Un recordatorio sobre cómo funciona el sistema digestivo del cuerpo
Lectura rápida: ¿lo recuerdas todo...?
La digestión es un proceso coordinado que transforma los alimentos en la energía y los componentes básicos que tu cuerpo necesita. Para los atletas de resistencia, una planificación nutricional cuidadosa impulsa el rendimiento, favorece la recuperación y protege la salud a largo plazo. Los elementos clave incluyen la gestión de la energía mediante la ingesta de carbohidratos, el mantenimiento del equilibrio de líquidos y electrolitos, y el aporte de las proteínas y grasas adecuadas para la reparación muscular. Siempre es bueno contar con una base sólida de nutrición basada en alimentos integrales, pero cuando se usan adecuadamente, los suplementos pueden aportar beneficios adicionales.
Cómo la digestión transforma los alimentos en energía
La digestión comienza en la boca, donde la masticación descompone los alimentos en trozos más pequeños y la amilasa salival inicia la descomposición de los carbohidratos. Los alimentos ingeridos descienden por el esófago mediante peristalsis hasta el estómago. Allí, el ácido gástrico y el pepsinógeno convierten las proteínas en péptidos y transforman los alimentos en una sustancia semilíquida llamada quimo.
El quimo ingresa al intestino delgado, donde las enzimas pancreáticas y la bilis del hígado completan la descomposición de grasas, proteínas y carbohidratos. Los nutrientes atraviesan las vellosidades intestinales como pequeñas proyecciones que recubren la pared intestinal y entran al torrente sanguíneo como glucosa, aminoácidos, ácidos grasos, vitaminas y minerales (Furness, De Giorgio y Costa, 2013). El material restante pasa al intestino grueso, donde se reabsorben el agua y los electrolitos antes de la eliminación de desechos.

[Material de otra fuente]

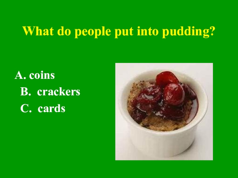 What do people put into pudding?coins      B. crackers C. cards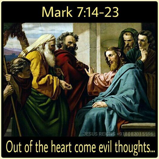 14 And he called the people to him again, and said to them, "Hear me, all of you, and understand: 15 there is nothing outside a man which by going into him can defile him; but the things which come out of a man are what defile him." 17 And when he had entered the house, and left the people, his disciples asked him about the parable. 18 And he said to them, "Then are you also without understanding? Do you not see that whatever goes into a man from outside cannot defile him, 19 since it enters, not his heart but his stomach, and so passes on?" (Thus he declared all foods clean.) 20 And he said, "What comes out of a man is what defiles a man. 21 For from within, out of the heart of man, come evil thoughts, fornication, theft, murder, adultery, 22 coveting, wickedness, deceit, licentiousness, envy, slander, pride, foolishness. 23 All these evil things come from within, and they defile a man."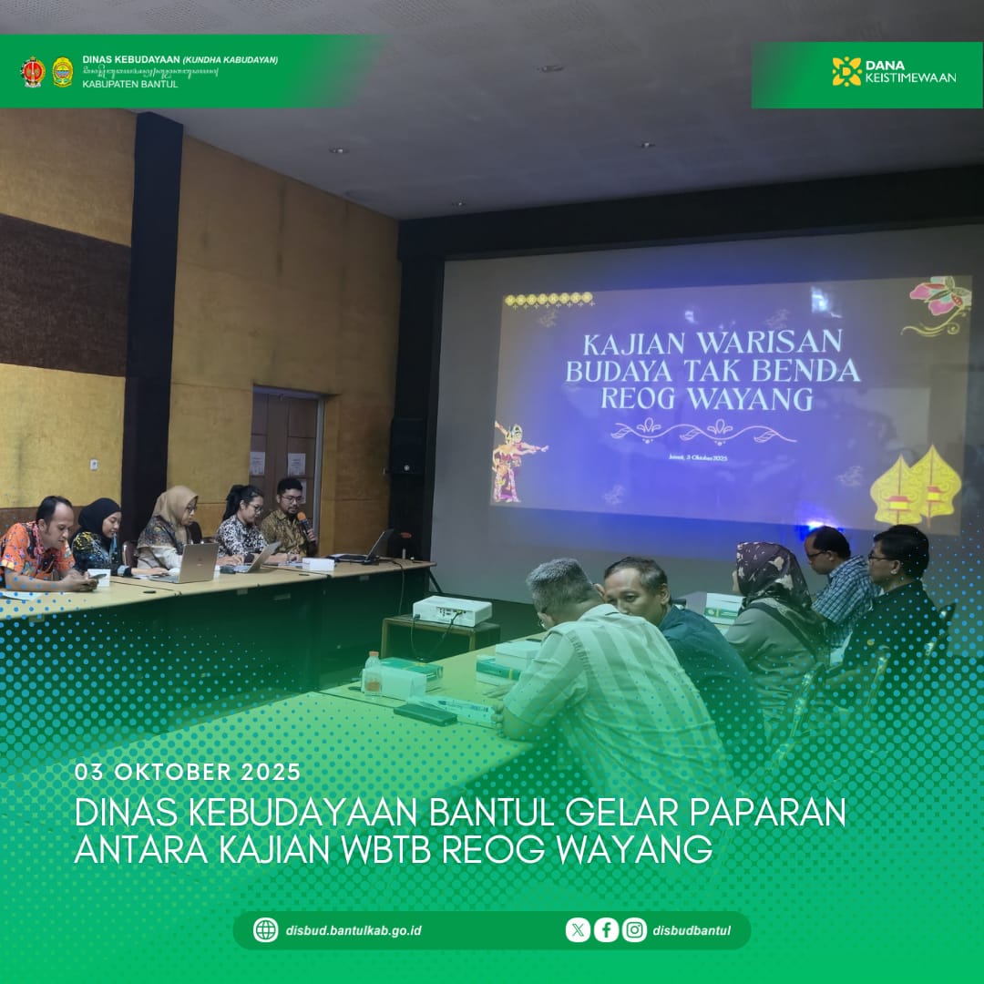 Bantul – Dinas Kebudayaan (Kundha Kabudayan) Kabupaten Bantul melaksanakan kegiatan Paparan Antara Kajian Warisan Budaya Takbenda Reog Wayang, pada Jumat (03/10/2025) pukul 13.00 WIB di Ruang Mandala Karya, Kantor Dinas Kebudayaan Bantul.

Desde nutrientes hasta combustible
Una vez absorbida, la glucosa circula como principal fuente de energía para la mayoría de las células, especialmente durante el ejercicio de intensidad moderada a alta. El exceso de glucosa se almacena como glucógeno en los músculos y el hígado para su rápida liberación cuando aumenta la demanda (Sherman et al., 1981). Los ácidos grasos —derivados de las grasas de la dieta y las almacenadas— proporcionan un combustible denso y de combustión más lenta. Por el contrario, los aminoácidos de las proteínas favorecen la reparación de los tejidos o pueden convertirse en energía cuando sea necesario (Rolfe y Brown, 1997).
Las vitaminas, los minerales y el agua son cofactores esenciales para estos procesos, ya que regulan la actividad enzimática, el equilibrio de líquidos y la función nerviosa (Thomas, Erdman y Burke, 2016). La fibra dietética, aunque indigerible, favorece un tránsito intestinal saludable y contribuye al buen funcionamiento de la microbiota intestinal, lo que a su vez facilita la absorción de nutrientes.
Por qué las pequeñas diferencias importan para los atletas
Los atletas de resistencia someten a los sistemas digestivo y metabólico a exigencias extremas. La rápida absorción de carbohidratos retrasa la fatiga al mantener estables los niveles de glucosa en sangre y preservar el glucógeno muscular (Sherman et al., 1981). Una hidratación insuficiente perjudica el rendimiento y aumenta el riesgo de sufrir insolación (Sawka y Montain, 2000). Las comidas inoportunas o demasiado complejas pueden provocar malestar gastrointestinal, interrumpiendo el aporte energético durante el entrenamiento o las competiciones (de Oliveira, Burini y Jeukendrup, 2014).
Tras el ejercicio, consumir una combinación de proteínas y carbohidratos entre 30 y 60 minutos después acelera la resíntesis de glucógeno y la reparación muscular, reduciendo así el dolor del día siguiente (Betts y Williams, 2010). Los micronutrientes como el hierro, el calcio y la vitamina D favorecen el transporte de oxígeno, la salud ósea y la función inmunológica, áreas que suelen verse afectadas por los altos volúmenes de entrenamiento (Thomas et al., 2016).
Diez razones por las que la planificación nutricional es fundamental para los atletas de resistencia.
- Balance energético: Un alto gasto calórico exige un aporte energético preciso para evitar la fatiga.
- Gestión del glucógeno: Mantener y restaurar las reservas garantiza el rendimiento y la disponibilidad.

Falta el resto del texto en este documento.